A l'origine des polémiques, certains habitants de Fournès entendent pour la première fois parler d'un "hangar à camions" fin 2018, explique Patrick Genay, apiculteur et membre du Forum citoyen opposé au projet. "En fait, ça faisait deux ans que les plans circulaient en toute opacité", dénonce-t-il.

"Le projet évoluait en catimini, loin de la population concernée", renchérit Patrick Fertil, de l'association Adere (Association pour le développement de l’emploi dans le respect de l’environnement). 

150 à 200 emplois créés

Du côté de ses partisans, notamment à la préfecture, à la mairie de Fournès ou encore à la Communauté de 17 communes du Pont-du-Gard, on met en avant les 150 à 200 emplois crées et les recettes fiscales qui pourront être engrangées par une intercommunalité qui a perdu la manne de la centrale thermique EDF d'Aramon, fermée en 2016. 

"L'implantation d'Amazon est un jackpot économique qui permettra de retrouver une partie des emplois perdus ces dernières décennies", veut croire Sylvie, 47 ans, habitante d'un village voisin qui préfère taire son nom mais a "déjà préparé son CV". 

"L’emplacement, à proximité de l’A9, permet de limiter fortement les impacts environnementaux, agricoles et paysagers sur les villages alentour", affirme de son côté dans une motion de soutien aux élus de Fournès la Communauté de communes sortante.

Autant d'arguments loin de convaincre des opposants remontés. Au coeur des critiques, les pratiques de la multinationale de Jeff Bezos -fréquemment accusée par ses opposants d'évasion fiscale, de spéculation foncière, ou de fragiliser les commerces locaux et de favoriser des emplois précaires- mais aussi son impact environnemental: destruction de biodiversité, pollution de l'air, sonore et visuelle. 

Les emplois? "Un mirage", accuse Patrick Fertil, assurant que la promesse a fondu au fil des mois de 600 à 150 emplois "précaires". L'impact environnemental? Le projet est "scandaleux", taclaient dans un récent rapport les Amis de la Terre, la confédération des commerçants de France et l'Adere, et il "menace directement les paysages, les sites et le patrimoine, fondements de l’attrait culturel et touristique international du territoire".
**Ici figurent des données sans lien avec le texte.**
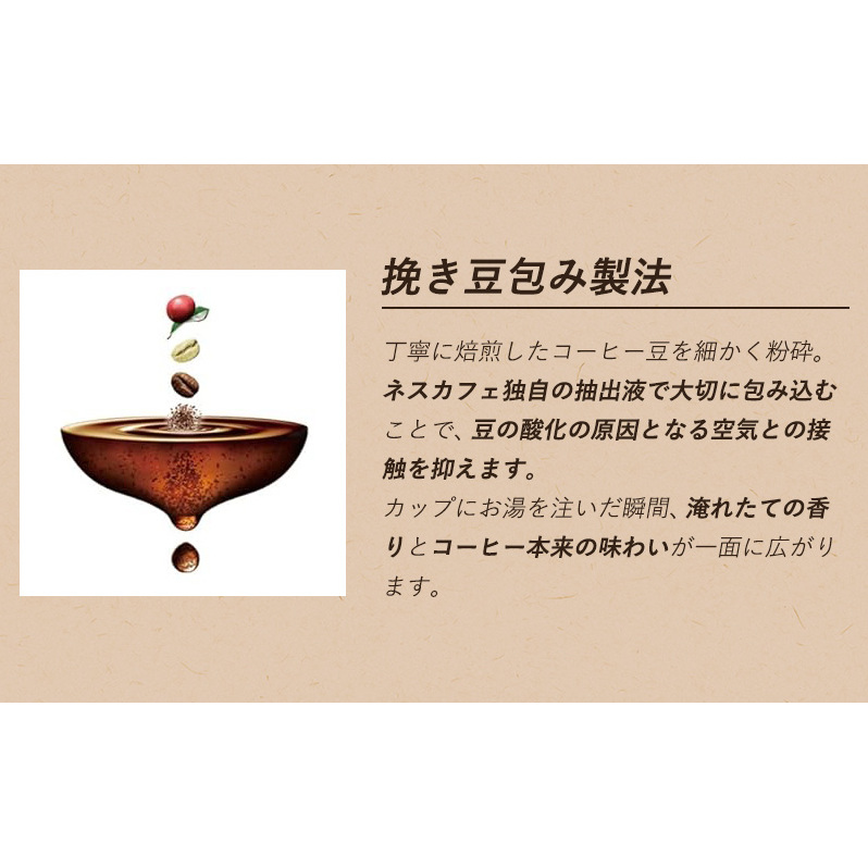深いコクと挽きたての香りネスカフェ独自の「挽き豆包み製法」で、いつでも1杯ずつ、淹れたての味わいをお届け。

Contactée par l'AFP, Argan, qualifiée de "cheval de Troie d'Amazon" ou de "bétonneur XXL" par les opposants au projet, n'a souhaité faire aucun commentaire, ni confirmer l'identité de son client controversé. Amazon n'a pas non plus voulu s'exprimer dans l'immédiat.
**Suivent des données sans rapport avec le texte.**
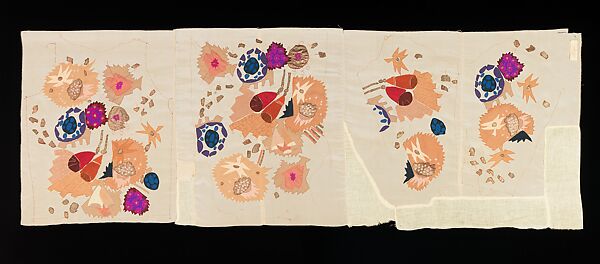 This object is from a collection of sample embroideries, which was originally owned by Morris de Camp Crawford, editor of Women's Wear Daily, who collected objects which told the story of fashion and fabric history. Included in this collection was a group of textiles which illustrated what American and French designers and manufacturers were using. According to Crawford's book The Ways of Fashion, the work of Polish artist Sarah Lipska (1882-1973) was represented in this collection. Lipska is an enigmatic figure, who is known to have worked with Leon Bakst as a set and costume designer for the Ballets Russes, and later in the 1920s as a fashion designer in Paris at 4 rue Belloni, and finally as a sculptor. Extant examples of her work are rare. Although only a few pieces in the Brooklyn Museum collection bear a label or a signature, others bear hallmarks of her work, such as a distinctive form of whip stitching on appliqué work, unusual abstract motifs, and Cubist-inspired patterns.

A quelques kilomètres du Pont-du-Gard

Equivalent à un immense immeuble de cinq étages, le centre de tri du géant américain est censé sortir de terre à quelques kilomètres à peine du Pont-du-Gard, faisant craindre qu'il ne soit la première et dernière image que verraient ses millions de visiteurs.

Le projet a provoqué localement de vives discordes entre élus mais aussi entre viticulteurs dans cette zone d'AOC Côtes-du-Rhône et l'inquiétude de certains propriétaires et agents immobiliers concernant une possible perte d'attractivité de la très chic et très chère région d'Uzès, située à une vingtaine de kilomètres du site. 
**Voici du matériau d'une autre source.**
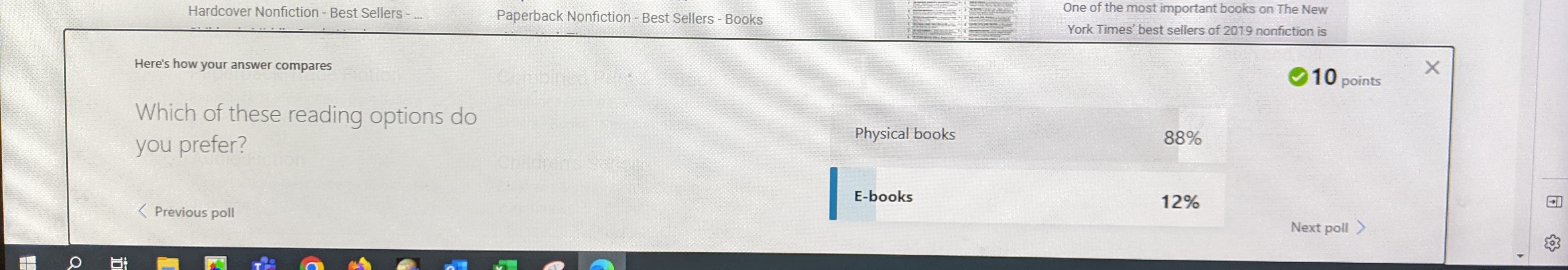 If ebooks had been the top choice, the answer would have been very different. The top choice generally runs at 80% or more. People don't bother to answer seriously; they're just collecting their points. All this shows is maybe a 10% swing in favor of paper.
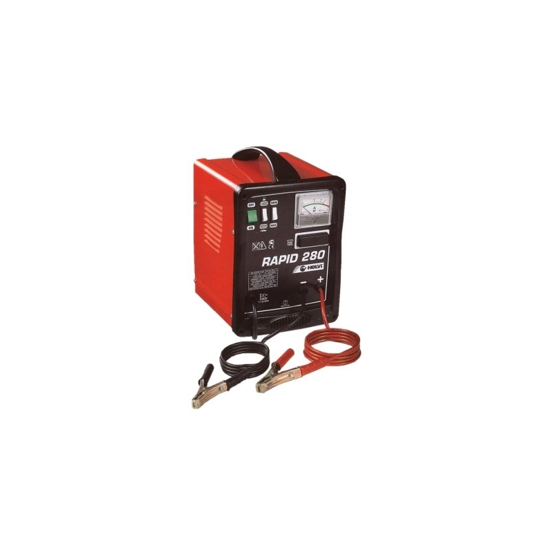 Caricabatterie portatile con aiuto avviamento. Dotato di amperometro, protezione contro avviamenti prolungati. Potenza assorbita 460 W. Tensione di carica 12 V. Corrente di carica 25 Ah. Peso kg. 12,6.
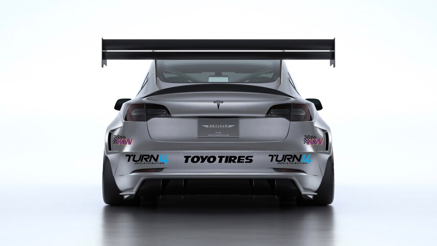 The rendering of the car consisted of increasing the width and lowering the Model 3 base around Artisan Spirits aero. Originally, the kit was designed as subtle and street-friendly, but Evasive's version points out the crazy spirit with an aggressive splitter, winglets, and vented and flared fenders upfront. The rear has a razor-sharp bumper diffuser and swan neck-style mounts that place the large, dual-plane wing just behind the car's body.

Onze recours ont été déposés contre le permis de construire, a indiqué à l'AFP le tribunal administratif de Nîmes. Une plainte au pénal est également étudiée au tribunal judiciaire de Nîmes concernant de possibles conflits d'intérêt d'élus de Fournès, dont l'ancien et l'actuel édile, sur la vente de terrains. 

Les promoteurs attendent pour leur part que les recours soient "purgés" pour reprendre les travaux interrompus au stade du "débroussaillage". La construction d'un tel entrepôt prend de 10 à 12 mois. 

De leur côté, la Confédération des Commerçants de France, les Amis de la Terre France et l’association Adere ont demandé au gouvernement "un moratoire immédiat sur l’ensemble des projets d’entrepôt du e-commerce et des zones commerciales en périphérie".

Localement, les opposants assurent qu'ils ne "lâcheront rien" face au géant américain alors qu'un projet de "villages de marques" avait déjà été retoqué en 2017 sur le même site gardois.